Improved Electrochemical Performance of Li1.25Ni0.2Co0.333Fe0.133Mn0.333O2 Cathode Material Synthesized by the Polyvinyl Alcohol Auxiliary Sol-Gel Process for Lithium-Ion Batteries

A lithium-rich manganese-based cathode material, Li1.25Ni0.2Co0.333Fe0.133Mn0.333O2, was prepared using a polyvinyl alcohol (PVA)-auxiliary sol-gel process using MnO2 as a template. The effect of the PVA content (0.0-15.0 wt%) on the electrochemical properties and morphology of Li1.25Ni0.2Co0.333Fe0.133Mn0.333O2 was investigated. Analysis of Li1.25Ni0.2Co0.333Fe0.133Mn0.333O2 X-ray diffraction patterns by RIETAN-FP program confirmed the layered alpha-NaFeO2 structure. The discharge capacity and coulombic efficiency of Li1.25Ni0.2Co0.333Fe0.133Mn0.333O2 in the first cycle were improved with increasing PVA content.
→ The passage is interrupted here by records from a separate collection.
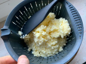 Con una espátula, pasamos el contenido de la thermomix al cestillo (u otro colador) para que se desprenda del líquido que pueda quedar. Es CLAVE quitar todo el líquido posible, osea que aplastadla, dejadla unos minutos escurriendo, o como buenamente podáis.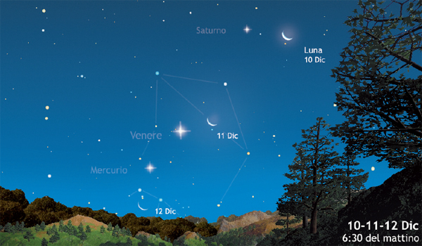 Le mattine del 10, 11 e 12 dicembre, poco prima dell’alba sull’orizzonte sudest, si potrà godere della vista di Mercurio, Venere e Saturno, allineati lungo il tratto di eclittica che attraversa Scorpione, Bilancia e Vergine. A movimentare la scena, una falce di Luna molto sottile attraverserà il campo dando luogo ad una serie di congiunzioni più o meno larghe. All’ora indicata Mercurio sarà alto +6°, Venere +11° e Saturno +25°.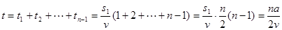 一列火车共有n节车厢且均停在光滑的长直轨道上,各车厢间距相等,间距总长为a.若第一节车厢以速度v向第二节车厢运动,碰撞时间极短且碰后不分开,然后一起向第三节车厢运动,……依次直到第n节车厢.试求: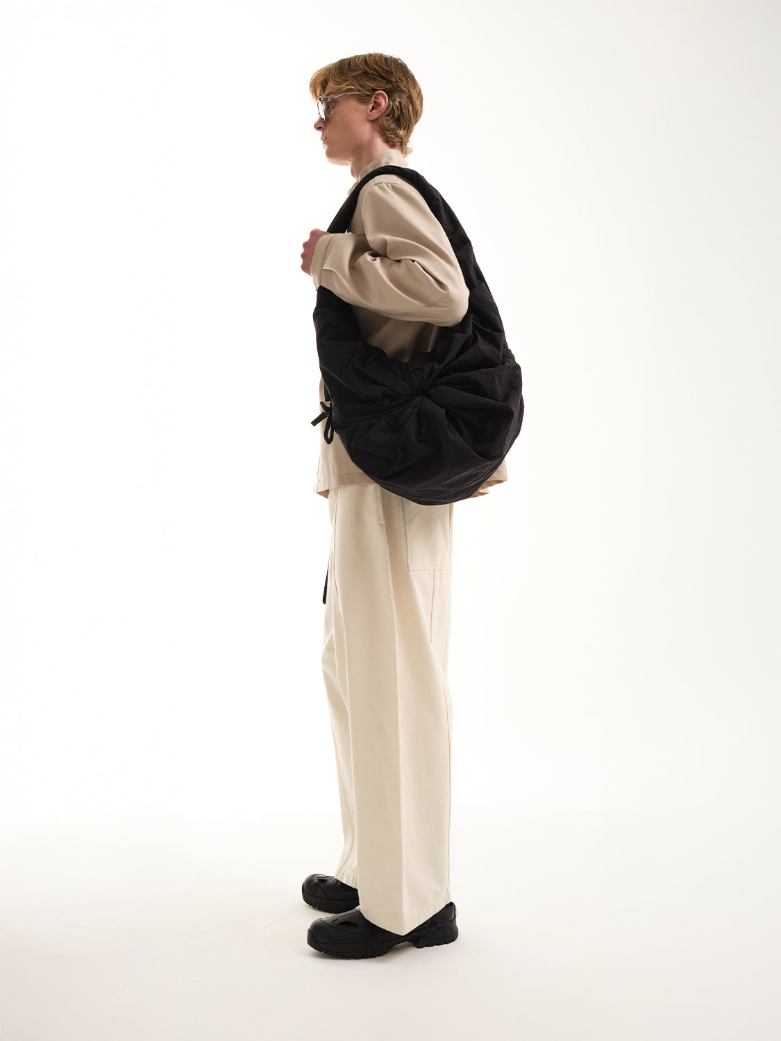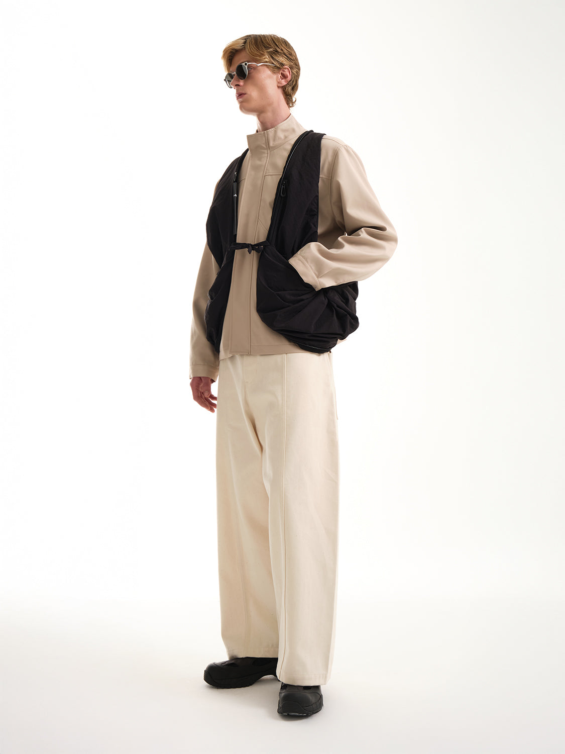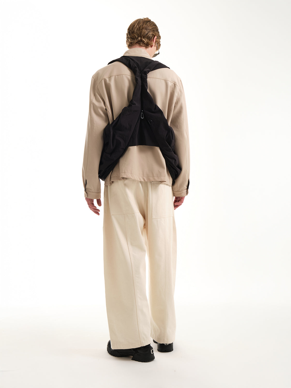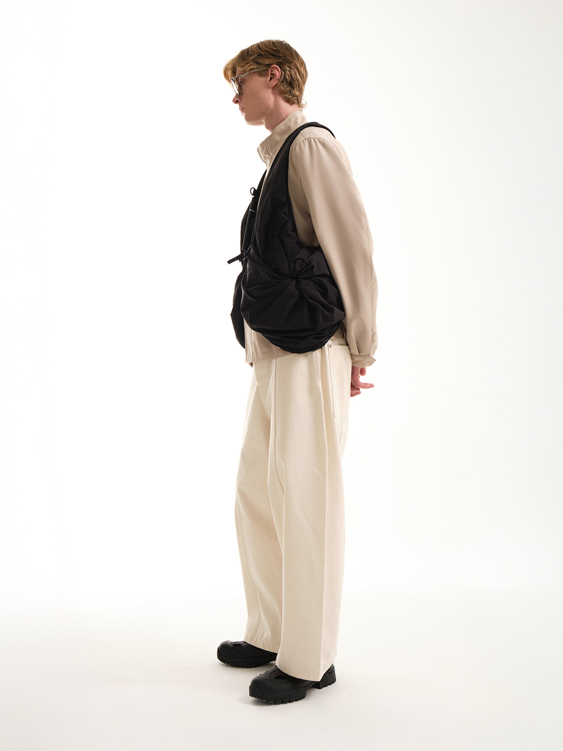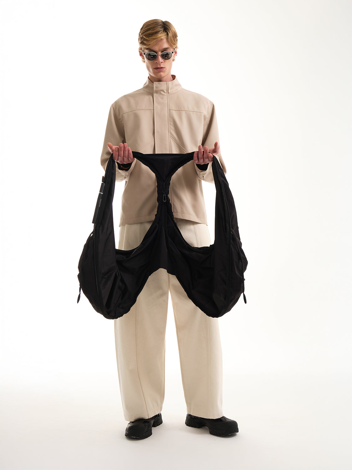 「スムースブラック」ナイロンを使用したPOは、côte&cielの「持ち歩くものではなく、着るバッグ」というモットーを体現しており、瞬時にウェアラブルなジレに変身できるハイブリッドなトートバッグです。

In particular, the best material reached a first discharge capacity of 206.0 mAhg(-1) and best rate capability (74.8 mAhg(-1) at 5 C). Meanwhile, the highest capacity retention was 87.7% for 50 cycles. Finally, electrochemical impedance spectroscopy shows that as the PVA content increases, the charge-transfer resistance decreases.